In grocery, the category Australians search most frequently, the local operators are the ones AI platforms trust. That advantage was earned through decades of content, product data and local relevance.

Filip Ivanković··3 min read
3 min read

Woolworths owns 20% of AI search visibility in the Australian grocery category. Coles holds 17%. Amazon sits third at 13%, with Aldi fourth at 7%.

The data comes from Jaywing's latest analysis of how AI platforms surface brand recommendations when consumers ask product and shopping questions. In grocery and food, the two Australian supermarket giants are outperforming the global e-commerce leader in the channel that is increasingly replacing traditional search.

That is not the full picture. Amazon dominates across six of the major retail categories analysed, including electronics where it leads with 42% visibility. JB Hi-Fi holds 31% and Harvey Norman sits at 22% in that category. But in the categories that matter most to everyday Australian shoppers, local retailers have built genuine authority.

20%

Woolworths' share of AI search visibility in Australian grocery, ahead of Amazon at 13%

The mechanism behind AI search visibility is different from traditional SEO. AI models draw on structured product data, brand authority signals, review ecosystems and content depth. Woolworths and Coles have invested heavily in all four. Their product catalogues are deeply structured. Their loyalty programs generate first-party data that feeds personalisation. Their content marketing, recipe databases and health information pages create the kind of topical authority that AI models reward.

Amazon's strength in electronics and general merchandise comes from a different set of signals: massive review volume, comparison content and marketplace breadth. Where Amazon lacks in Australia is local specificity. AI models answering questions about weekly grocery shopping, meal planning or local product availability will naturally favour the retailers that have built content around those queries for years.

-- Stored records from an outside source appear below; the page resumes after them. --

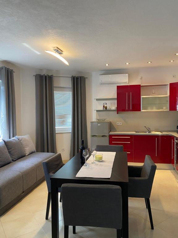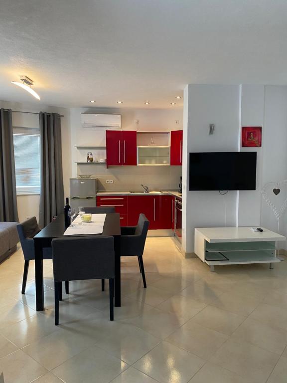 Moderně vybavené apartmány v klidné části Vodice, nemovitost se nachází 10 minut chůze od centra a 7 minut chůze od pláže. WiFi, klimatizace, satelit, pračka a parkování jsou v ceně.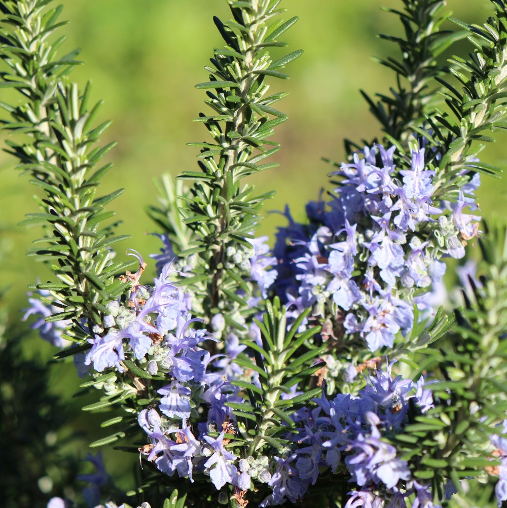 Les feuilles sont plus petites, plus étroites, d’un vert plus clair. Floraison: de début d’hiver jusqu’au mai, certaines variétés peuvent fleurir une deuxième fois en début d’automne. Fleurs: bleues-mauves. Préfère un endroit ensoleillé, dans un sol calcaire et bien drainé. Très efficace pour la sphère respiratoire (effets mucolytiques), hépatobiliaire, digestive et gynécologique, possède des propriétés antivirales. L’hydrolat du romarin corse est un des plus utilisés en aromathérapie dans les cures dépuratives. S’utilise en cuisine méditerranéenne, parfumerie. C’est une plante mellifère.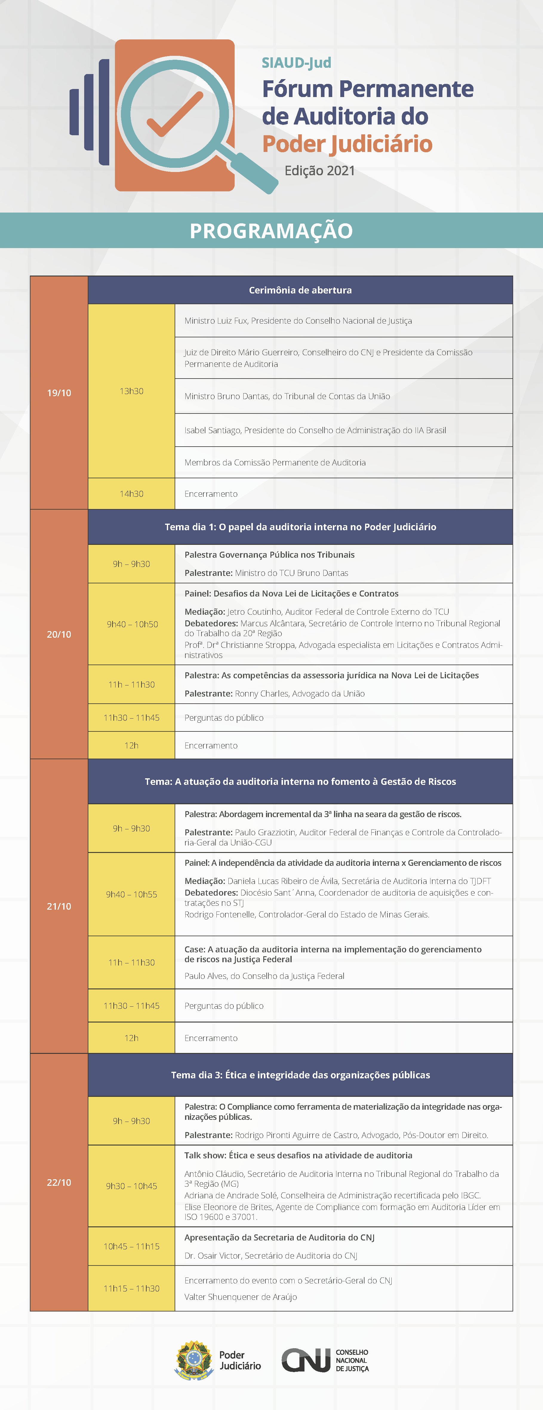 O Conselho Nacional de Justiça – CNJ realizará, com apoio dos órgãos do Sistema de Auditoria Interna do Poder Judiciário – SIAUD-Jud, a primeira edição do Fórum Permanente de Auditoria do Poder Judiciário, nos dias 19, 20, 21 e 22 de outubro de 2021, de forma virtual, com transmissão ao vivo pelo canal do CNJ no Youtube.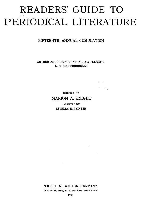 READERS' GUIDE TO PERIODICAL LITERATURE,1915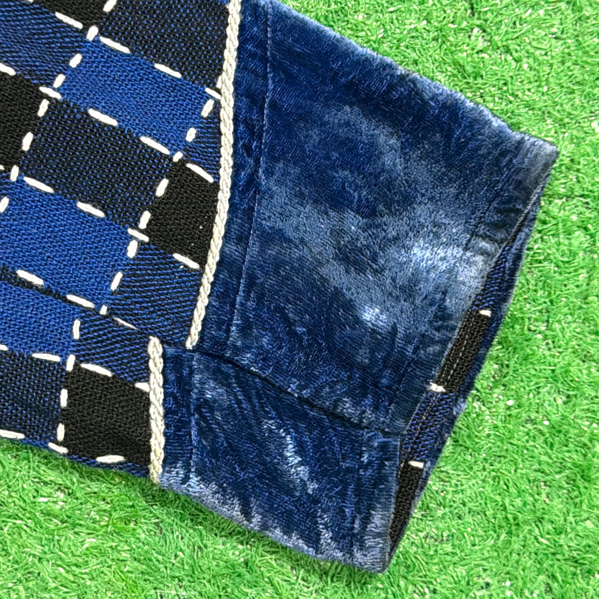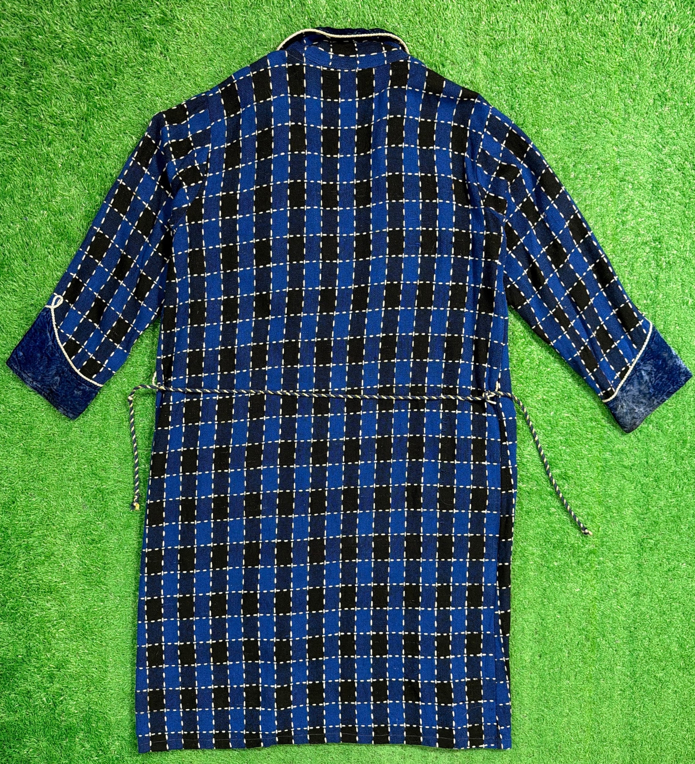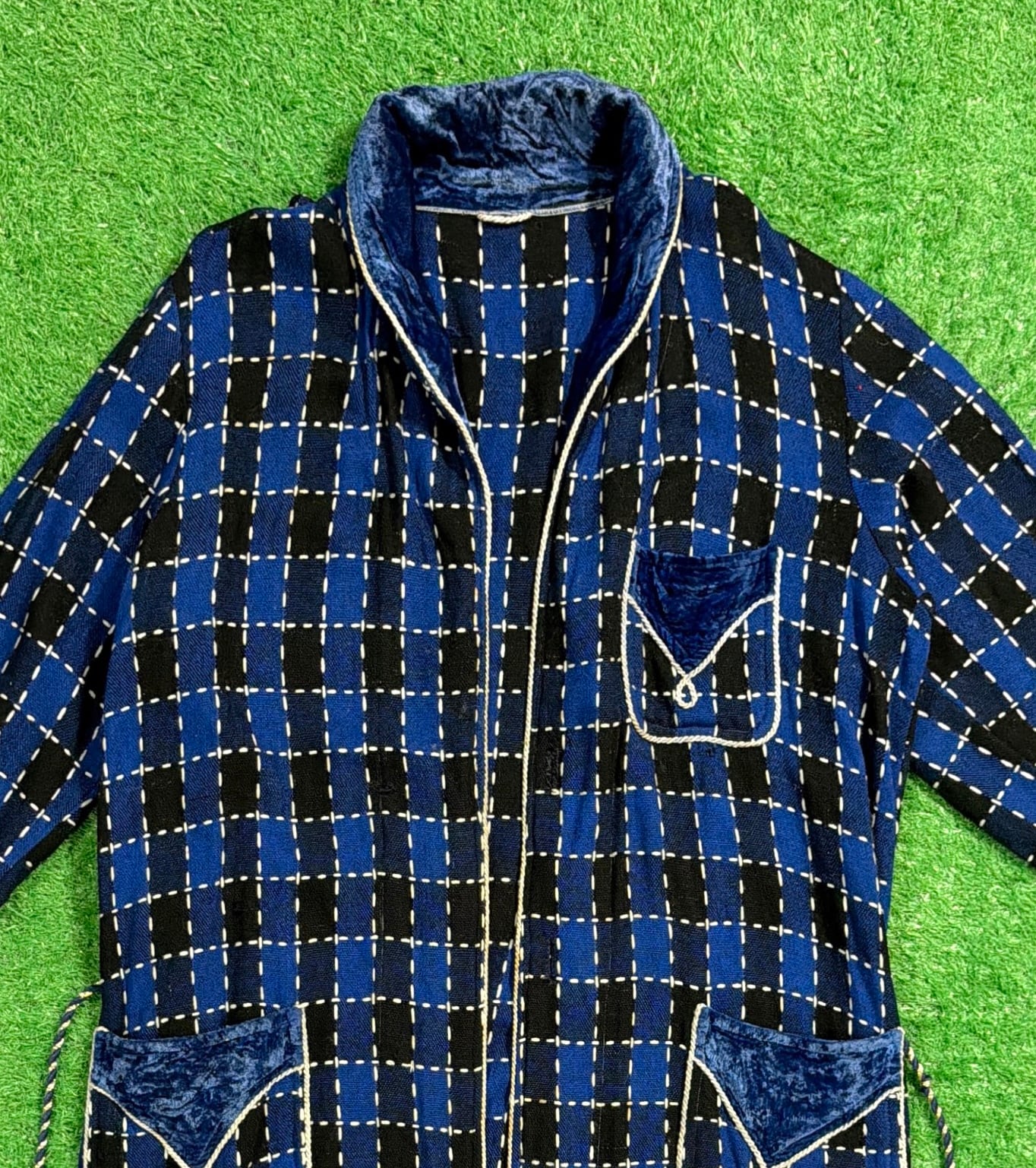 襟元と袖口、そしてポケット部分にはベロア調の素材が切り替えで使われており、落ち着いたブルー系のカラーながら存在感たっぷりの一着になっています。ガウンらしいリラックス感と、デザイン性のあるルックスが魅力です。

The retail media angle is equally significant. Woolworths' media unit Cartology and Coles' equivalent Coles 360 are approaching a combined $1 billion in advertising revenue. That revenue depends on foot traffic, both physical and digital. If AI search sends more grocery queries toward Woolworths and Coles, their retail media businesses become more valuable, creating a flywheel effect.

Why it matters

AI search is not a future channel. It is a current one. When consumers ask ChatGPT, Gemini or Copilot where to buy something, the brands that appear in the answer capture consideration without paying for a click. For Australian retailers, this data confirms that local investment in content, product data and brand authority translates directly into AI visibility.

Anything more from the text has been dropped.